WHAT THE TASK ASKS -
Exclude all pictures. Then restate, word for word, the entries from the first line through the line that contains "Delikátní ubrus vyšívaný".

[Opening PROVIDED RECORDS section]

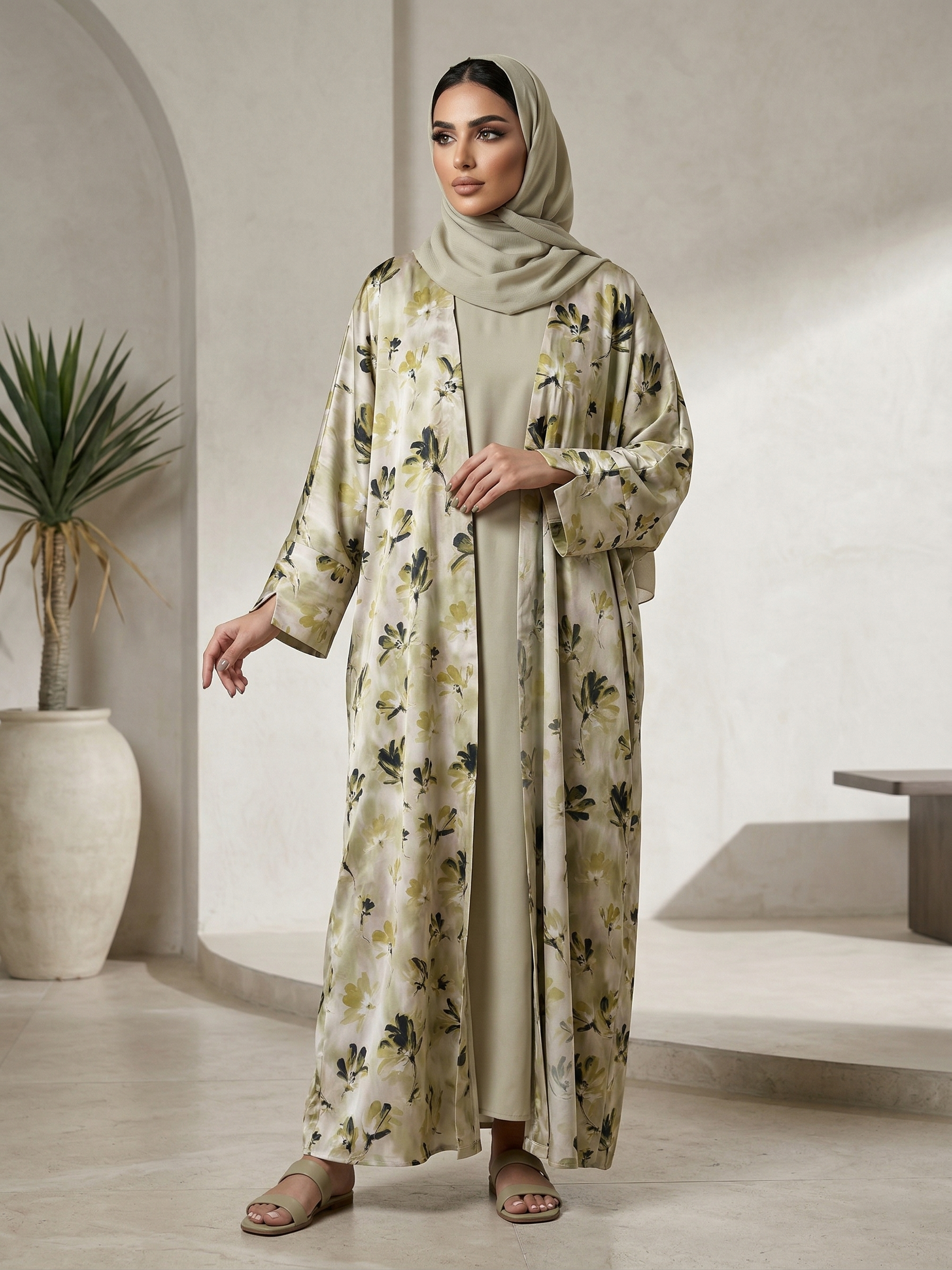 التصميم: طقم راقي مكون من قطعتين (عباية مفتوحة بنقوش ورد + فستان داخلي سادة بلون أخضر هادئ متطابق).
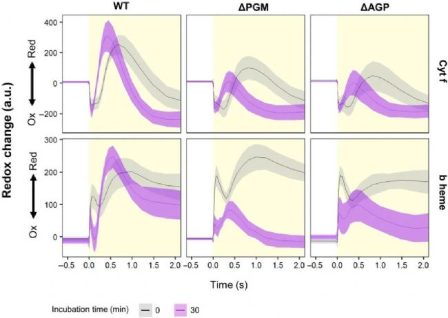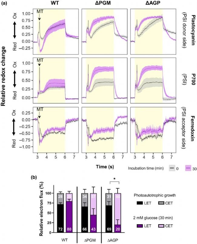 Synechocystis 光能自養(yǎng)時(shí)和添加葡萄糖30分鐘后PETC中PSI氧化還原特性和電子流。
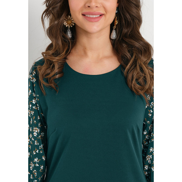 Тонарио – платье полуприлегающего силуэта из комбинированных тканей: трикотаж и плательный трикотаж. Благодаря сочетанию однотонной и принтованной ткани ваш образ будет особенно нарядным. Низ платья со сборками. Рукава длинные, втачные. Вырез горловины классический овальный. По бокам – декоративные пуговицы. Быть нарядной и неотразимой легко вместе с “5trend”! Длина изделия: 46 размер — 99 см 48 размер — 99 см 50 размер — 101 см 52 размер — 101 см 54 размер — 102 см 56 размер — 102 см
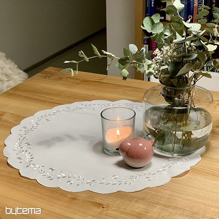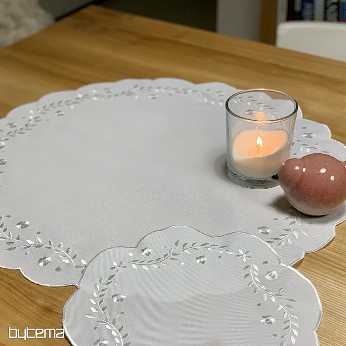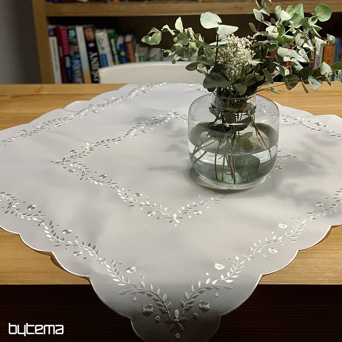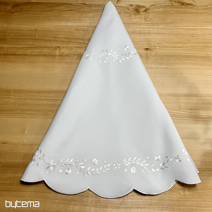 Delikátní ubrus vyšívaný s ažurou, vhodný pro slavnostní příležitosti.
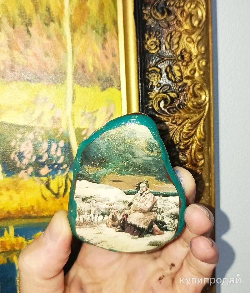 Описание сувенира: Это уникальное произведение искусства, созданное вручную на основе натурального камня. Изображение на камне получено с помощью комбинированной техники: фотопечати и ручной росписи акриловыми красками. Мастер скрупулезно подобрал цвета и детали, чтобы передать всю глубину и красоту запечатленного момента. Особенности: * Индивидуальность: Каждый камень имеет свою неповторимую текстуру и форму, что делает каждое изделие абсолютно уникальным. * Материалы: Использование натурального камня придает изделию природную энергию и красоту. Акриловые краски обеспечивают яркость и долговечность изображения, а ювелирная смола надежно защищает его от внешних воздействий. * Авторская работа: Это не просто сувенир, а настоящее произведение искусства, созданное талантливым мастером. Вы можете увидеть другие работы автора в его Instagram-аккаунте Artstones. Что делает это изделие особенным: * Сочетание природы и искусства: Сочетание натурального камня и ручной росписи создает гармоничный баланс между природной красотой и человеческим творчеством. * Эксклюзивность: Это не массовое производство, а авторская работа, которую вы не встретите больше нигде. * Оригинальный подарок: Такой сувенир станет прекрасным подарком для себя или близких, подчеркнет вашу индивидуальность и станет настоящим украшением любого интерьера. Дополнительная информация: "Этот изящный овальный камень с гладкой поверхностью украшен завораживающим пейзажем горного озера. Нежно-голубые оттенки воды контрастируют с белыми вершинами гор, покрытыми снегом. Мастер с помощью акриловых красок создал эффект мерцания и глубины небесного свода. Ювелирная смола придает изображению блеск и защищает его от царапин. Это произведение искусства станет прекрасным дополнением к вашей коллекции или оригинальным подарком для любителей природы."
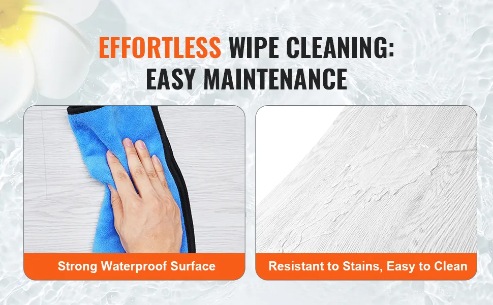 Impermeabile e facile da pulire: la superficie del materiale è impermeabile, resistente alle macchie e facile da pulire con un semplice panno, rendendo la manutenzione senza problemi. Suggerimenti per l'installazione: 1. Mantenere la superficie del pavimento pulita e priva di altre impurità. 2. Assicurarsi che sia le piastrelle del pavimento staccabili che la superficie di installazione siano asciutte.
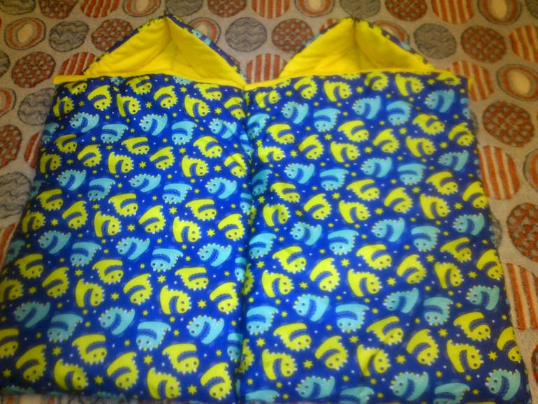 Покупки для наших малышей - хвастаемсяСшила я своим внучатам тёплые конверты в коляску. Строго не судите, я не профессионал, и поэтому кое где не очень ровненько. Ещё не пришила липучки или кнопки под низ отворота. Материал сверху дьюспо, синтепон 200 гр. на кв.м. и мягонькая флиска. По бокам замки и сверху на капюшоне тоже. 10 часов работы и вот что получилось)

[Closing PROVIDED RECORDS section]

EXERCISE ANSWER -
 التصميم: طقم راقي مكون من قطعتين (عباية مفتوحة بنقوش ورد + فستان داخلي سادة بلون أخضر هادئ متطابق).
 Synechocystis 光能自養(yǎng)時(shí)和添加葡萄糖30分鐘后PETC中PSI氧化還原特性和電子流。
 Тонарио – платье полуприлегающего силуэта из комбинированных тканей: трикотаж и плательный трикотаж. Благодаря сочетанию однотонной и принтованной ткани ваш образ будет особенно нарядным. Низ платья со сборками. Рукава длинные, втачные. Вырез горловины классический овальный. По бокам – декоративные пуговицы. Быть нарядной и неотразимой легко вместе с “5trend”! Длина изделия: 46 размер — 99 см 48 размер — 99 см 50 размер — 101 см 52 размер — 101 см 54 размер — 102 см 56 размер — 102 см
 Delikátní ubrus vyšívaný s ažurou, vhodný pro slavnostní příležitosti.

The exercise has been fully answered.